Iterations, Retraining, and Quotas
Each time you click train, Custom Vision creates a new iteration — a versioned snapshot of the model. You can keep several iterations and compare their precision/recall before publishing one, and you can roll back by republishing an older iteration under the same name. Projects have limits worth remembering: a classification project supports many tags but the free (F0) tier caps total training images and project count, while the standard (S0) tier raises those ceilings. When a project hits its iteration limit, you must delete an old iteration before training again — a scenario the exam phrases as "training fails after many experiments."

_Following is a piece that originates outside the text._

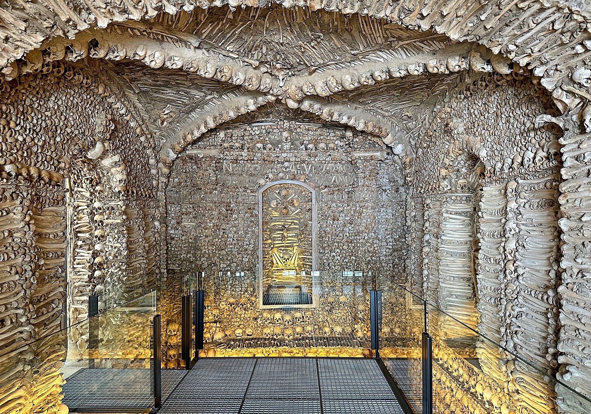 Nuestra siguiente parada, Campo Maior, tiene más de tragedia que de cuento. Su historia está marcada por un rayo, que provocó la explosión de su polvorín en 1732. Destruyó 836 de las 1.076 casas del pueblo, provocando 1.500 muertos. Junto a la iglesia parroquial está la inquietante Capilla de los Huesos, levantada en 1766 en memoria de las víctimas de la explosión. Los huesos de cerca de 800 cadáveres cubren las paredes y el techo. Una inscripción nos estremece: «Nós, ossos, que aquí estamos, pelos vossos esperamos».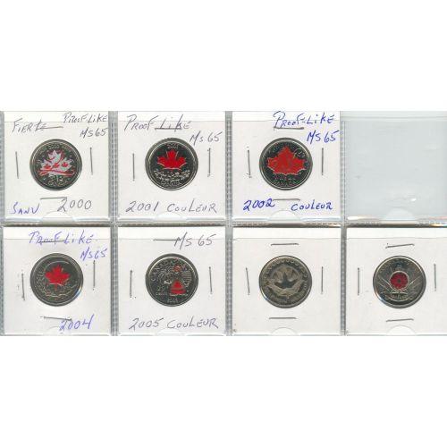 Canada Day 25 Cents Collection 5 different + 2 x 25 cents bonus; Colored one are January 2000 Pride, 2001, 2002, 2004 & 2005. Bonus are 2004 Red Poppy BU and 1999 Millenium Medallion circ. To be viewed, sold as is no return.

Smart Labeler and Active Learning
After you publish a model and it starts predicting on real images, the Custom Vision portal stores those prediction images. Active learning surfaces images the model was unsure about so you can correct their tags and feed them back into training, steadily improving accuracy on real-world data. The Smart Labeler can pre-tag new uploads using the current model so a human only verifies rather than labels from scratch. Both features matter for the exam's "how do you improve a deployed model over time?" questions — the answer is to incorporate prediction images via active learning and retrain, not to start a brand-new project.
On the Exam: "Edge" or "offline" => compact domain + export. Confusing the training key with the prediction key, or calling an unpublished iteration, are the two most common failure scenarios. Improving a live model => active learning on stored prediction images, then retrain a new iteration.
What is the difference between Multiclass and Multilabel classification in Custom Vision?
You must deploy a Custom Vision model to run offline on Android tablets. What must be true of the model?
Which key and resource are used to call a published Custom Vision iteration for inference?